In the initial stage, the types of diseases in the CLS are relatively few, and the data and images of various diseases are also few, making it difficult to diagnose these diseases. In the first stage of this project, there were six pathological types and four diseases. The inconsistency between the two numbers was because when the CLS constructs the dataset, the cumulative number of images, types, or diseases needs to reach ten or more to be included in the dataset; in this way, the images are randomly selected for training and verification according to the ratio of 8:2, and the number of cases and diseases learned by the CLS will increase with continuous learning. From the second to sixth stage, the number of pathological types goes up to seven. In contrast, the number of pathological diseases goes up to nine in the second stage and 15 in the sixth stage (Supplementary Table 2). The CLS currently diagnoses 41 diseases (Supplementary Table 6), but the number of diseases is not limited; when there is a new disease, it can be added through the settings of the CLS. Oren et al.43 believe that the evaluation of results in existing AI imaging studies is usually carried out by lesion detection, ignoring the type and biological aggression of the lesions. Using clinically meaningful outcome evaluation such as survival rate, symptoms, and treatment is essential to improve AI imaging studies and their applicability and effectively apply them in clinical practice. In this project, benign and malignant tumors, pathological types, and disease diagnoses were obtained by the multi-model integration method, which is expected to evaluate the survival rate of patients according to the pathological types and disease results of tumors, thereby providing the best plan for the clinical treatment of patients.

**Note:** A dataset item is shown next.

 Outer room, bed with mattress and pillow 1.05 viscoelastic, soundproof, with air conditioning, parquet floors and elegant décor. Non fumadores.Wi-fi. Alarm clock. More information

The CLS is also integrated with the ultrasound picture archiving and communication system (US_PACS). This integration has many advantages, as US_PACS automatically provides the content to the CLS through the parametric design of the report content, and the CLS can perform BI-RADS classification on the mass; during report writing, the physician only needs to select the left or right side of the current display image and then select AI to assist with the diagnosis (Supplementary Fig. 5). The user can select any number of images, which will be automatically provided to the CLS, and the CLS returns the diagnosis results to US_PACS, avoiding patient information disclosure and ruling out the impact of sex, age, race, equipment, or physicians’ habits of collecting images on data. Celi et al.44 believe that adopting AI can enable intelligent integration of AI design and clinical workflow by providing seamless, effective, and unbiased assistance to patients and physicians. This process requires medical expertise as well as time-consuming input from experts and researchers in the medical field; in this way, AI can also work under the supervision of clinicians. According to Young et al.45, patients and the public express positive attitudes toward AI but prefer manual supervision. Through integration with US_PACS, real data can be provided to the CLS. With continuous learning, the diagnostic performance of the CLS is expected to continue improving, thereby increasing the accuracy of tumor diagnoses.

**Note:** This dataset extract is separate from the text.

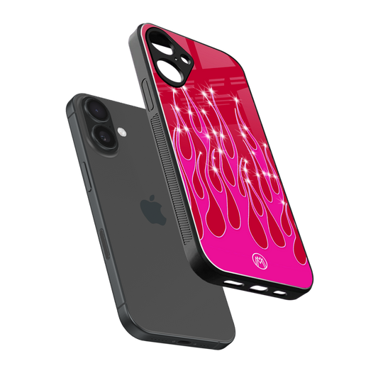 Y2k Magenta Glittery Flames Phone Case for Iphone 16 Plus | Glass Case

This study had some limitations regarding the data quantity, where only 629 breast masses were used to construct the dataset, and the CLS was only learned in six stages. Physicians only used one dataset for testing; thus, more data and prospective studies are required to verify the current results. Furthermore, the diagnostic effect of uncropped images was better than that of cropped images, but this needs multi-center verification. In addition, only data and image balance processing were performed for benign and malignant cases in this project. Finally, the interpretability of AI46 could increase clinicians’ understanding of the results and reduce the risks of using AI, which requires further study.

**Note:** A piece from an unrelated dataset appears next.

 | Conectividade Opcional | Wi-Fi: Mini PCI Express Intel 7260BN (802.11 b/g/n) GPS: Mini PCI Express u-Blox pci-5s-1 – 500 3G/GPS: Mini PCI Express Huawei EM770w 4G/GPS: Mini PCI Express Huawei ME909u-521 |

This project takes the study of ultrasound breast mass as an example and is a critical step toward the clinical application of AI; however, this is only the beginning of obtaining precise diagnoses through AI, and further research remains to be completed beyond the diagnosis of breast masses. Thus, through optimization integration and constant improvements in diagnostic accuracy, this method could be applied to other masses in other organs such as the liver, kidney, thyroid, and external organs. The application of this method has potential value in improving precision medicine.

Methods

Data collection and dataset construction

We obtained 561 cases of breast masses with pathological results from 1 January 2015 to 31 December 2020 (Table 1, Fig. 1). There are 68 cases due to bilateral breast masses, so there are 629 breast masses and 2235 images, from which 130 breast masses and 686 images were randomly selected as the OITDS; the remaining data and images were used for training. Data from 3098 cases were collected from other institutions, from which 180 cases and 793 images were randomly selected as the ETDS from two tertiary hospitals in Hunan Province, namely Liuyang People’s Hospital (2591 cases; 151 cases randomly selected) and Huaihua First Hospital (507 cases; 29 cases randomly selected). The Cancer Hospital Affiliated with Xiangya Medical College of Central South University, Second Xiangya Hospital of Central South University, and First Affiliated Hospital of Hunan University of Traditional Chinese Medicine participated in the project and multi-center testing.

Fig. 1: Data construction flowchart.
figure 1

OITDS organization internal test dataset; ETDS external test dataset; ATDS add test dataset.

The images in this project were obtained in JPEG format from the video output port of the ultrasound instrument through the US_PACS video capture card. If the image was output in digital imaging and communications in medicine (DICOM) format, it was converted to JPEG format. We collected 965 benign and malignant tumor images from the data in our institution; of these, 800 images were randomly selected for training, 165 images were randomly selected for testing, and an EDS was constructed; 200 images each of benign and malignant masses were selected from 130 cases and used to construct a benign and malignant diagnostic test dataset (BMTDS); 200 images of infiltrative non-specific cancer were selected as a positive class according to the pathological type in the diagnosis, by randomly selecting 200 images from those of other pathological types as a negative class, a pathological type diagnostic test dataset (PTTDS) was constructed; 200 images of breast infiltrating ductal carcinoma were selected as a positive class according to the pathological disease diagnosis, and 200 images in other pathological disease images were randomly selected as a negative class; thus, the pathological disease diagnostic test dataset (PDTDS) was constructed.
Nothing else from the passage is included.